On or about November 21, 1996, Alan Glen made a gift of
100,000 shares of HGI Common Stock owned by him to a charitable remainder trust
of which Mr. Glen is a trustee. The trust subsequently sold 100,000 shares of
HGI Common Stock in four open market transactions described immediately below.
<TABLE>
<CAPTION>
Date Number of Shares Price Per Share
<S> <C> <C>
December 2, 1996 29,800 $19.586
December 3, 1996 51,200 $19.625
December 4, 1996 5,900 $19.500
December 13, 1996 13,100 $19.375
</TABLE>
In November 1996 and January 1997, a trust of which Alan Glen
serves as trustee sold a total of 11,072 shares of HGI Common Stock in three
open market transactions described immediately below.
<TABLE>
<CAPTION>
Date Number of Shares Price Per Share
<S> <C> <C>
November 27, 1996 3,000 $19.625
November 27, 1996 3,000 $19.625
January 9, 1997 5,072 $19.250
</TABLE>
On or about December 9, 1996, the spouse of Alan Glen made a
gift of 275 directly-held Units. On or about January 2, 1997, Mrs. Glen
exchanged 165,213 directly-held Units for shares of HGI Common Stock.
On or about December 30, 1996, HGI issued 876 previously
authorized Units to a corporation affiliated with Alan Glen.

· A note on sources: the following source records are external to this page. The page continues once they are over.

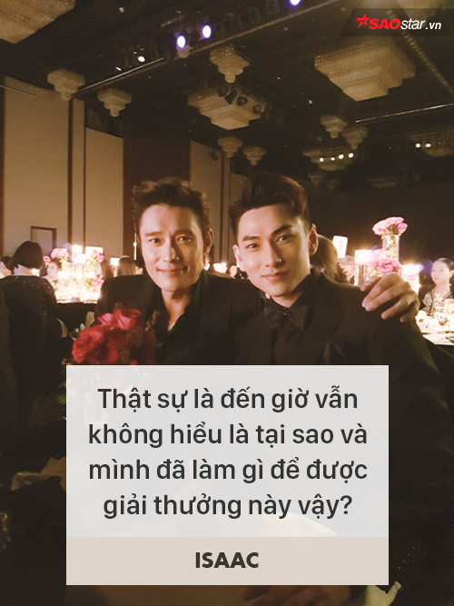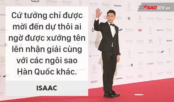 “Isaac vừa nhận được giải thưởng A Raising Star từ Asia Star Awards của Busan International Film Festival và Marie Claire magazine. Cứ tưởng chỉ được mời đến dự thôi ai ngờ được xướng tên lên nhận giải cùng với các ngôi sao Hàn Quốc khác. Thật sự là đến giờ vẫn không hiểu là tại sao và mình đã làm gì để được giải thưởng này vậy?” - Isaac cũng không quên chia sẻ cảm xúc trên trang cá nhân.
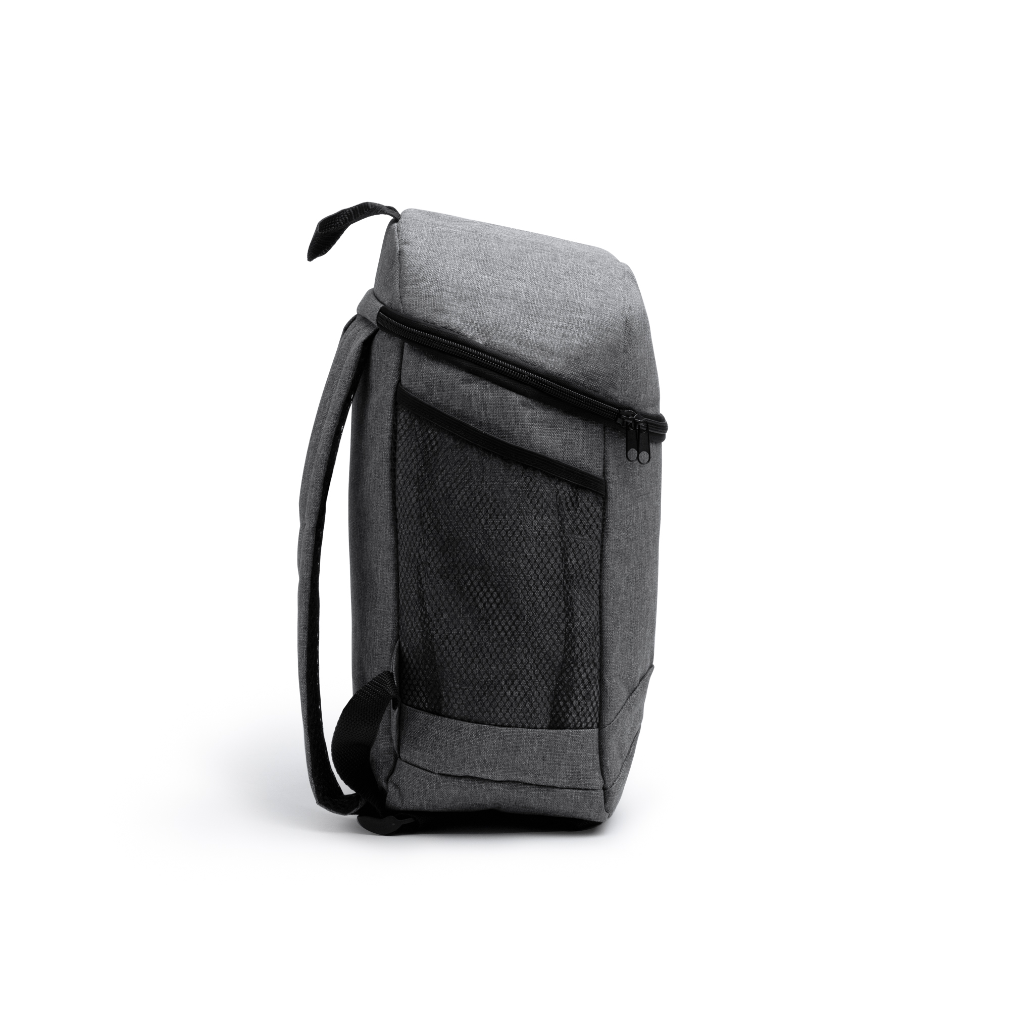 Nevera mochila de poliester reciclado RPET con diseño vigoré. Su composición la hace una opción sostenible y práctica para el transporte de alimentos y bebidas. Tiene, además, un gran compartimento principal con interior isotérmico. Con dos bolsillos de rejilla en sus laterales, la hace una opción perfecta para el desplazamiento de diferentes objetos para la alimentación.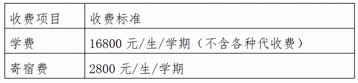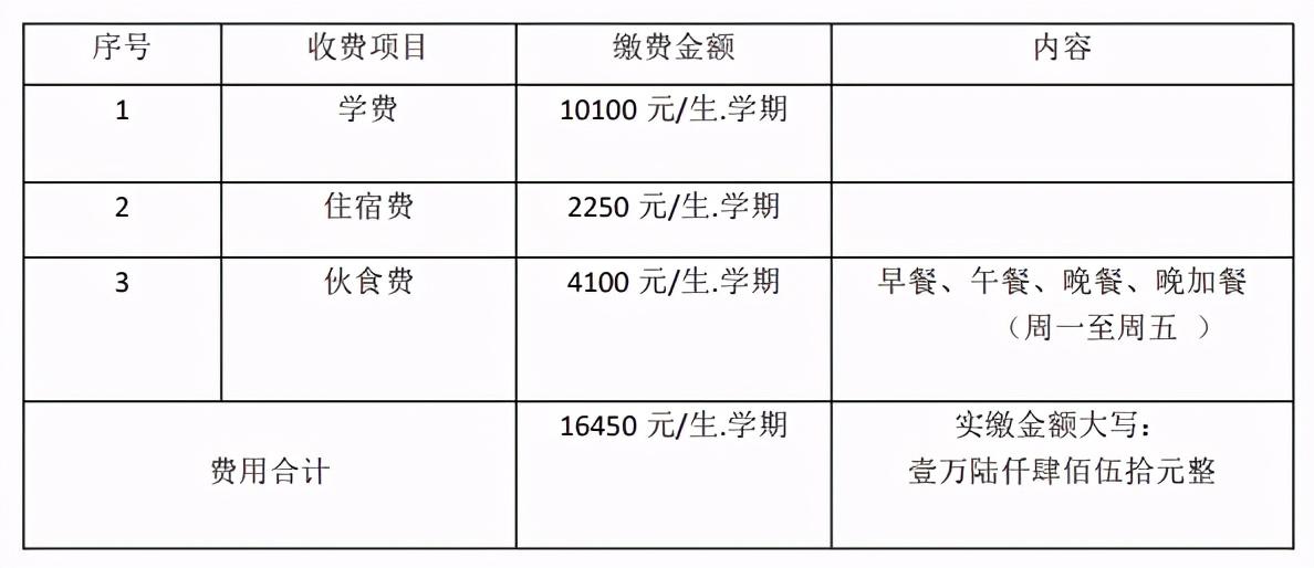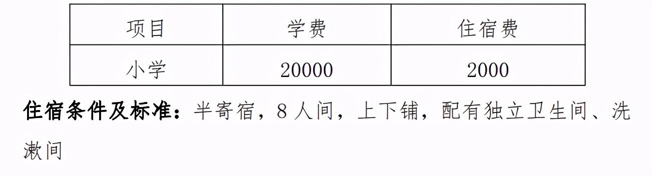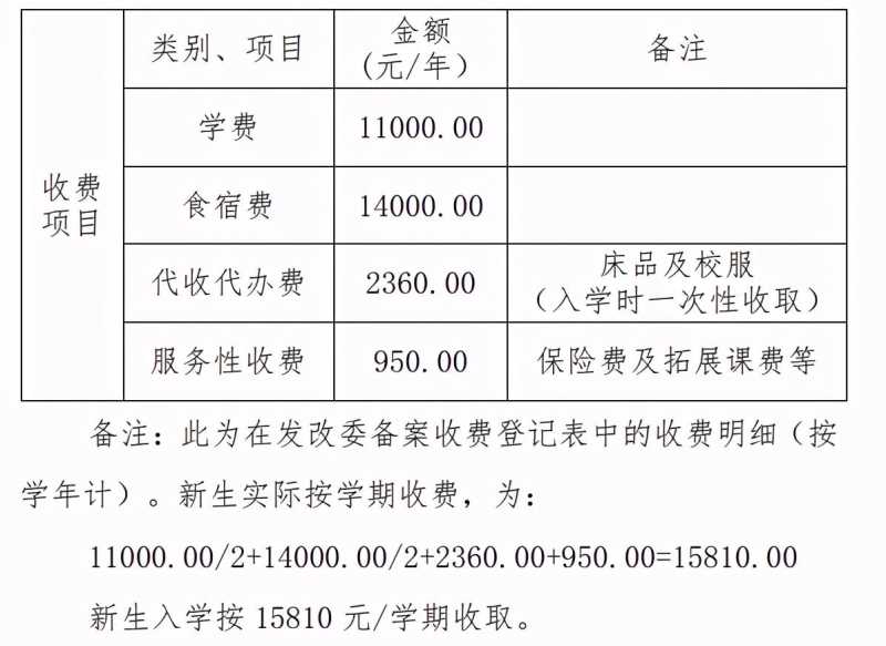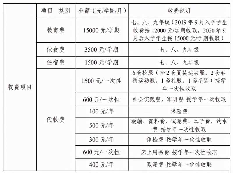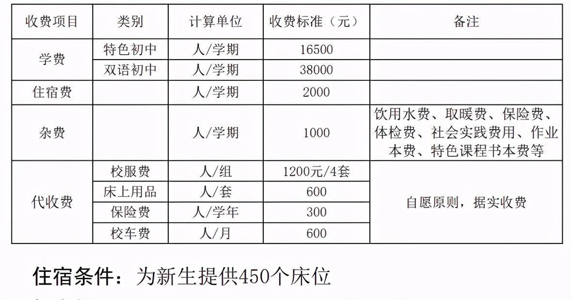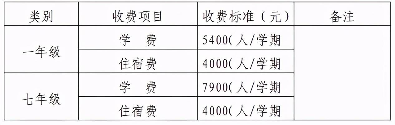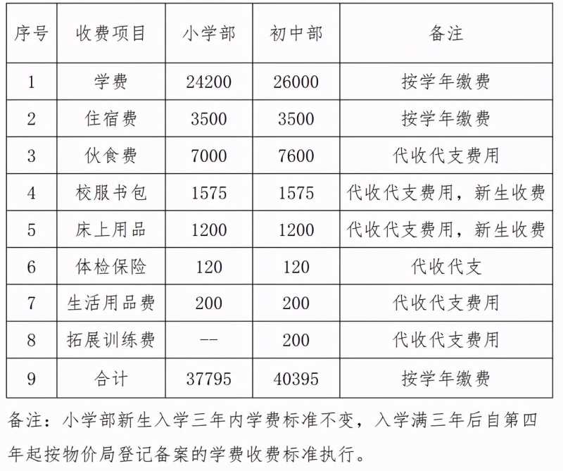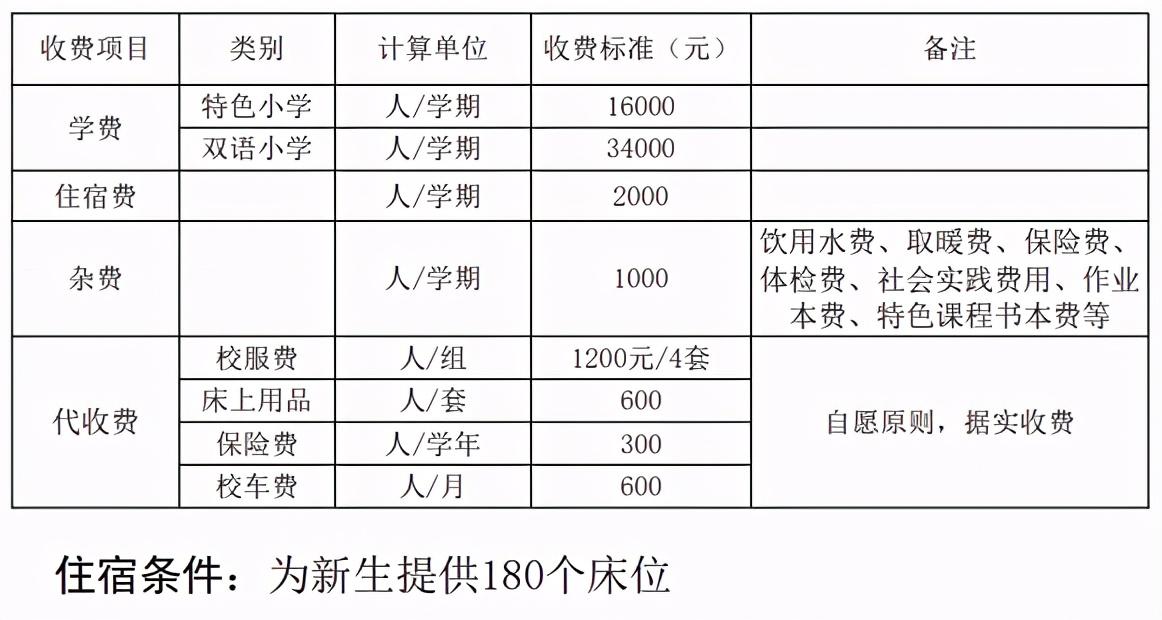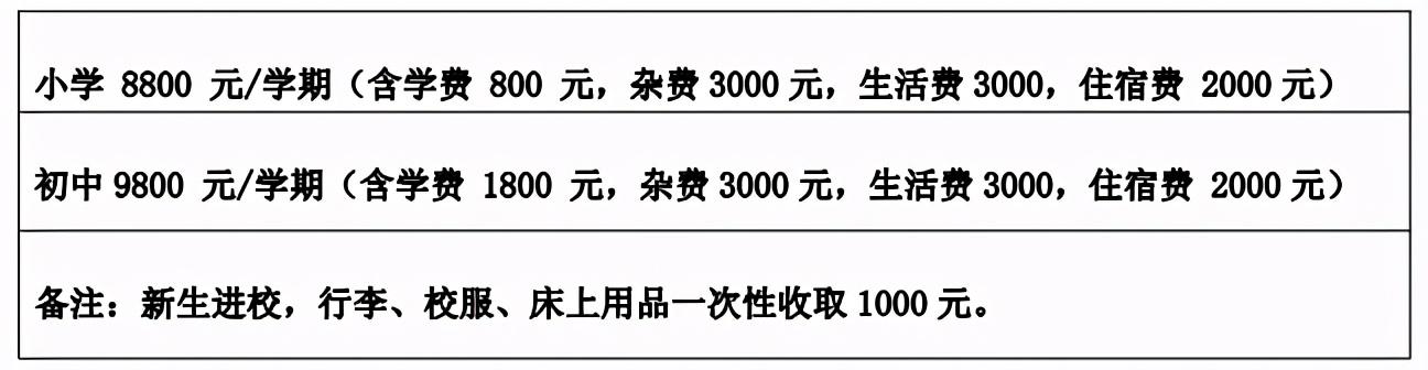 (备注:另收校服费(入学一次性收取,含春夏秋冬全套)、床上用品和书包费用共 2140 元/生。)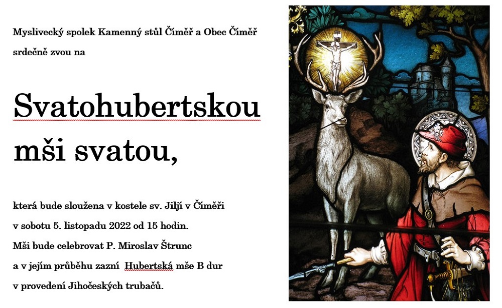 Mši svatou bude celebrovat P. Miroslav Štrunc a v jejím průběhu zazní Hubertská mše B dur v provedení Jihočeských trubačů.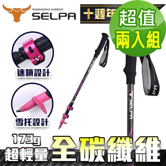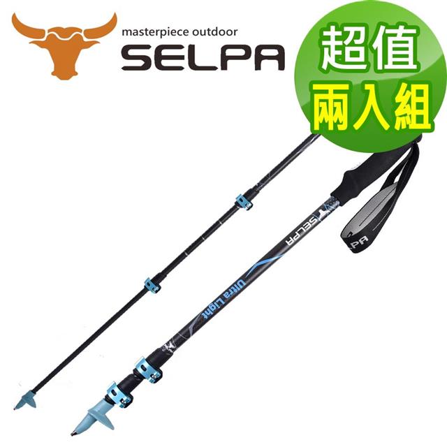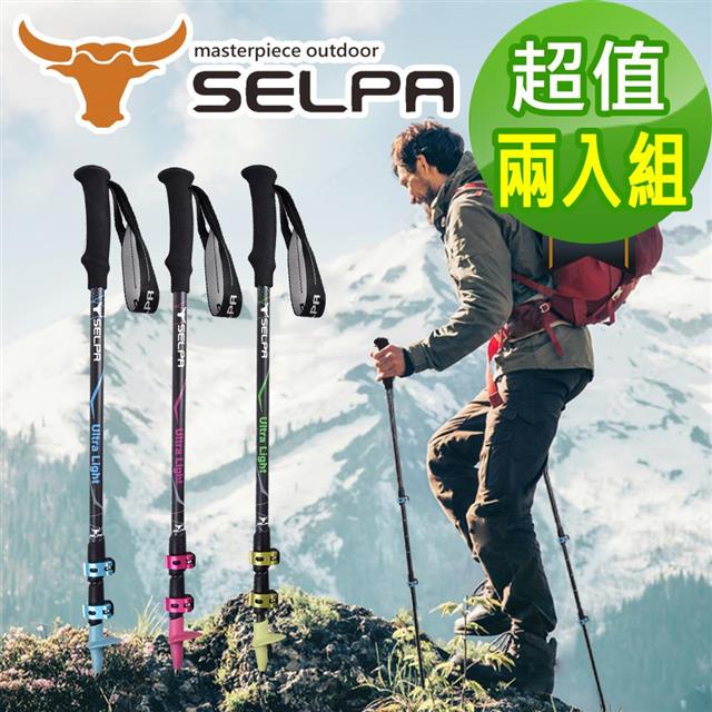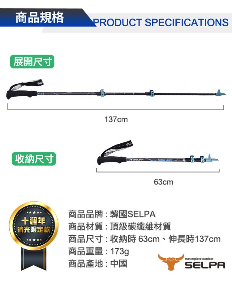【韓國SELPA】凜淬碳纖維三節式外鎖登山杖/三色任選(超值兩入組)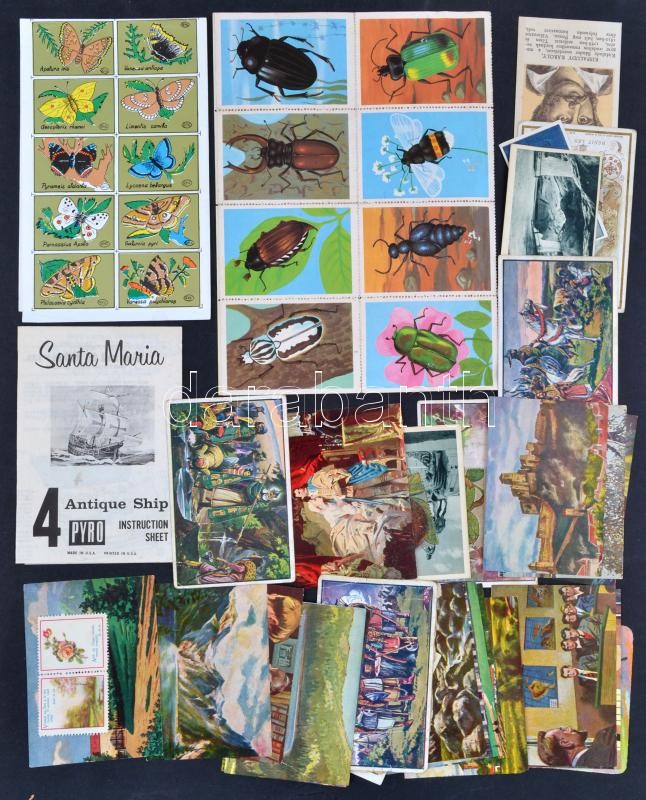 Leírás: 34 db különféle régi gyűjtőkép (Szt. István, Kárpáti képek, stb.) + rovarok és pillangók modern ív
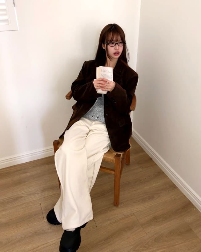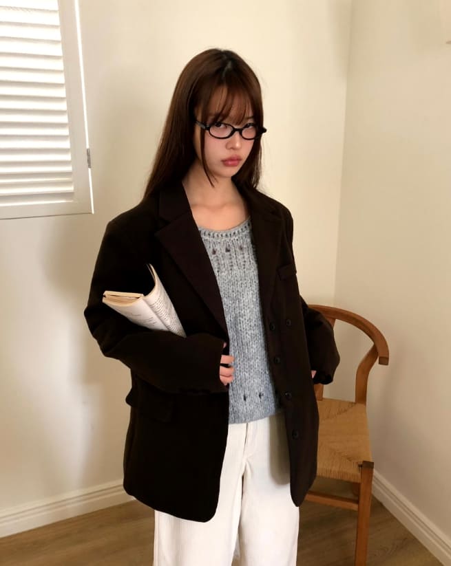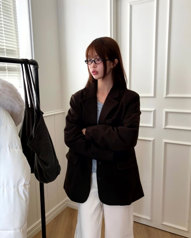 レオンツーボタンカラーポケットルーズフィットブレザージャケット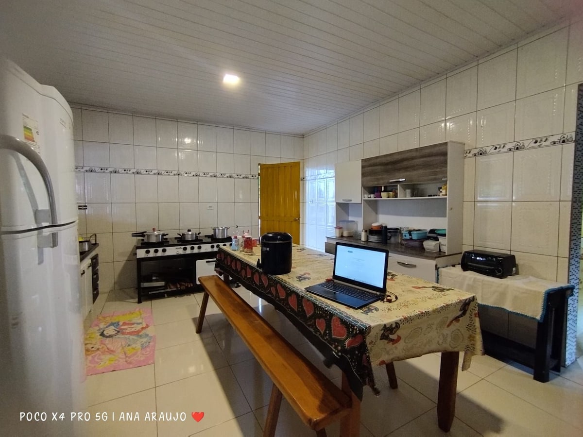 Venha curtir as Belezas Naturais de Bodoquena. A casa possui: 2 quartos com ar condicionado, 3 Camas de Casal 2 de Solteiro e 2 colchões reserva. 2 Banheiros 1 sala 1 Mega cozinha. 2 Áreas externas cobertas Garagem para até 3 Carros Roupas de cama e toalha de Banho Inclusos*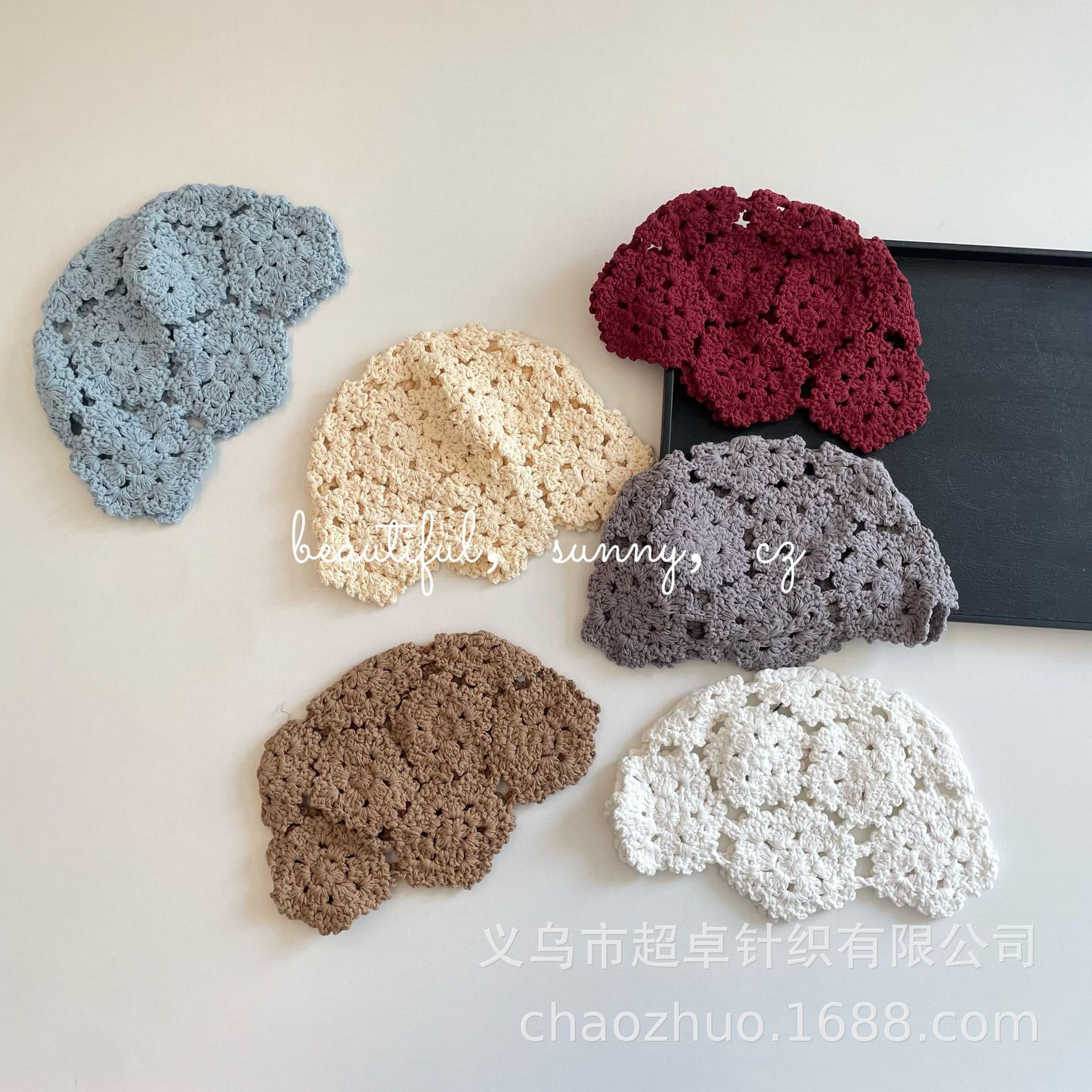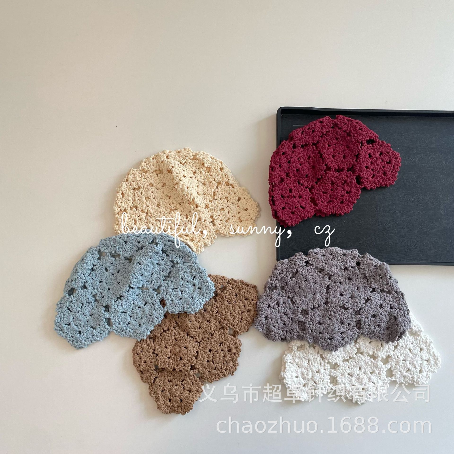 儿童钩针洞洞盆帽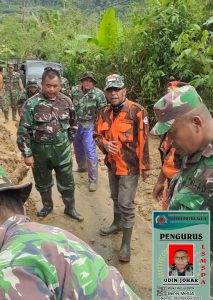 Kapten infanteri usep haerudin selaku komandan Koramil bersama anggota membersihkan material tanah batu dan kayu yang menutupi badan jalan tersebut dan di bantu oleh ormas Pemuda Pancasila, Minggu 22-01-2023.
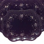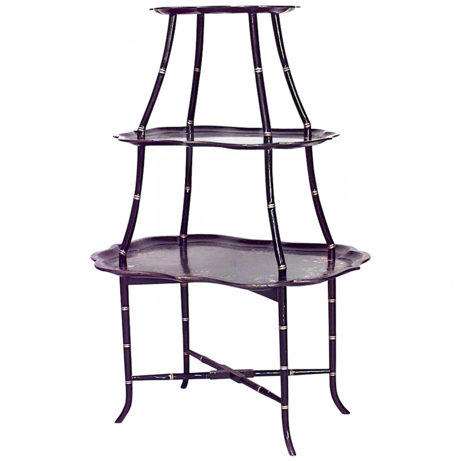 English Victorian papier mache pearl inlaid and black lacquered shaped tray design 3 tier table with faux bamboo design..

On or about December 31, 1996, Cheryl McArthur, for herself
and on behalf of a related corporation, redeemed a total of 4,532 Units in a
limited partnership over which she and Mr. Glen have shared voting and
investment power.
On or about December 31, 1996, a corporation related to Cheryl
McArthur redeemed 1,971 Units in a limited partnership over which she and Mr.
Glen have shared voting and investment power.
On or about January 2, 1997, Alan Glen exchanged 200,000
directly-held Units for shares of HGI Common Stock.
On or about January 2, 1997, a corporation affiliated with
Alan Glen exchanged 97,986 directly-held Units for shares of HGI Common Stock.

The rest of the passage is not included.